A Fan's Notes succeeds in the brutally honest way it portrays alienation and one man's dance with madness. I read it as a teenager and found it life changing and even inspiring. Exley's impetus to succeed and integrate is to produce something literary and personally worthwhile. Like a how-done-it the reason for the quest is revealed in advance, in this case the actual book residing in the reader's hand.

Perhaps there are a fortunate few whose pedigree, ego and conscience are strong enough to be callous to the brutal honesty and metaphorical insight Exley brings to discussion of alienation and madness. Those few might never have had to embody (particularly in 1968 America) the unyielding realization that they are genetically or culturally different than the Frank Giffords who are given the keys to the kingdom - and the madness associated with actually believing such a commerce inspired value system.
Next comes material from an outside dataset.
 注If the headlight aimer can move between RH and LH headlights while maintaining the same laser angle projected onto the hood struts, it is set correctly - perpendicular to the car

Exley's charm and gift is his intricate, funny and engrossing description of the journey; his keen insight into both constructive and destructive synapse jumps; and his revelation of self imposed and societal traps and punishments. Yet somehow this ultimately leads to the redemption of accomplishment - an enduring, touching and awarding winning work, the proof of which remains on my bookshelf.
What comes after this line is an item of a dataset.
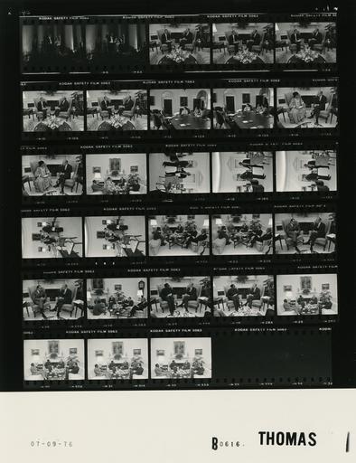 | Keywords: Ford B0616 NLGRF photo contact sheet (1976-07-08)(Gerald Ford Library).jpg White House Photographic Office WHPO is housed at the Gerald R Ford Presidential Library a branch of the National Archives and Records Administration NARA <br/><br/> This file is a 200 dpi photo contact sheet having images from roll of film B0616 of the August 9 1974 - January 20 1977 Gerald R Ford White House Photographic Office Series A0001-A9999 and B0001-B2886 photographs <br/><br/> The date on the photo contact sheet is the date the roll of film was processed not necessarily the date the photographs were taken See table below for additional details 1976-07-08 Gerald R Ford Presidential Library Image http //www fordlibrarymuseum gov/library/whphotos/B0616_NLGRF jpg B0616_NLGRF jpg from http //www fordlibrarymuseum gov/library/whphotos/19760708whpo pdf White House Photographs July 8 1976 of the http //www fordlibrarymuseum gov/Library/whphotos/whpo asp White House Photographic Collection page White House Photographic Office WHPO - Thomas PD-USGov Institution Institution Gerald R Ford Presidential Library Table wikitable sortable + Photo contact sheet B0616 U S President Ford Administration Gerald R Ford Library Frame s Tone Subject proper Subject generic Names Geographic Location Photographer Date - 5-6 BW Prior to GRF's Departure from Reciprocal State Dinner Hosted by Queen Elizabeth II and Prince Philip at the British Embassy standing waving smiling; night shot white tie formal wear GRF Queen Elizabeth II Washington DC South Grounds of the Embassy of Great Britain Thomas 1976-07-08 - 7-11 BW Interview with Washington Correspondent from the Salt Lake City Desert News seated talking near fireplace GRF Gordon E White Oval Office Thomas 1976-07-09 - 12-13 BW Prior to Presentation of Diplomatic Credentials of the Ambassador-Designate from the Islamic Republic of Mauritania; Deputy Assistant Secretary of State seated at table talking smiling Mohamed Nassim Kochman Charles James; Others Cabinet Room Thomas 1976-07-09 - 4-15 BW Presentation of Diplomatic Credentials of the Ambassador-Designate from the Islamic Republic of Mauritania seated near fireplace talking GRF Mohamed Nassim Kochman Oval Office Thomas 1976-07-09 - 16 BW Presentation of Diplomatic Credentials of the Ambassador-Designate from the Islamic Republic of Mauritania; Deputy Assistant for National Security Affairs; Deputy Assistant Secretary of State seated near fireplace talking GRF William Hyland Mohamed Nassim Kochman Charles James Oval Office Thomas 1976-07-09 - 17-21 BW Deputy Assistant for National Security Affairs standing talking near desk GRF William Hyland Oval Office Thomas 1976-07-09 - 22-23 BW Presentation of Diplomatic Credentials of the Ambassador-Designate from the Socialist Republic of Romania; Deputy Assistant for National Security Affairs; Interpretor; Deputy Assistant Secretary of State seated near fireplace talking GRF William Hyland Nicolae M Nicolae Richard Christensen Arthur Hartmann Oval Office Thomas 1976-07-09 - 24-25 BW Presentation of Diplomatic Credentials of the Ambassador-Designate from the Socialist Republic of Romania seated near fireplace talking GRF Nicolae M Nicolae Oval Office Thomas 1976-07-09 - 26 BW Presentation of Diplomatic Credentials of the Ambassador-Designate from the Socialist Republic of Romania; Deputy Assistant for National Security Affairs; Interpretor; Deputy Assistant Secretary of State seated near fireplace talking GRF William Hyland Nicolae M Nicolae Richard Christensen Arthur Hartmann Oval Office Thomas 1976-07-09 - 27-28 BW Presentation of Diplomatic Credentials of the Ambassador-Designate from the Republic of Zaire seated near fireplace talking GRF Bolumba Assal Idzumbuir Oval Office Thomas 1976-07-09 - 29-33 BW Presentation of Diplomatic Credentials of the Ambassador-Designate from the Republic of Zaire; Deputy Assistant for National Security Affairs; Interpretor; Deputy Assistant Secretary of State seated near fireplace talking GRF Bolumba Assal Idzumbuir William Hyland Charles James Oval Office Thomas 1976-07-09 Gerald R Ford Presidential Library and Museum-cooperation PD-USGov Contact sheets by the Ford White House July 1976 |
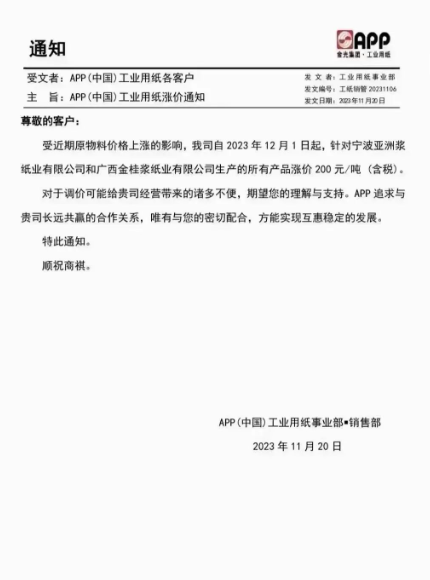 APP(中國(guó))工業(yè)用紙事業(yè)部:受近期原物料價(jià)格上漲的影響,我司自2023年12月1日起針對(duì)寧波亞洲漿紙業(yè)有限公司和廣西金桂漿紙業(yè)有限公司生產(chǎn)的所有產(chǎn)品漲價(jià)200元/噸(含稅)

#3 — December 29, 2004 @ 07:23AM — Bruce [URL]

I don't know how to respond to Mr. Glasscock's complaints about the redemptive or non-redemptive qualities of fiction.

I do know that Freddy Exley's longing to be like Frank Gifford (the pre Kathy Lee Frank Gifford, of course), together with his addictive personality and his lack of the talent he needed to succeed or even understand a changing America in the manner he wanted to -- be it artistically, financially and socially --- both predicted and spoofed the current 24-hour a day "SportsCenter" "Entertainment Tonight" culture, the notion that everyone's worthless life is worthy of its 20 minutes on reality television, and the spate of self-indulgent memoirs concerning addiction and recovery.

Most importantly, the book is, in many parts, very very very funny, and in other parts, extremely frustrating.

Admittedly, I have not read the book in some time, but thanks to Mr. Glasscock's review, I am certain to look at it again soon.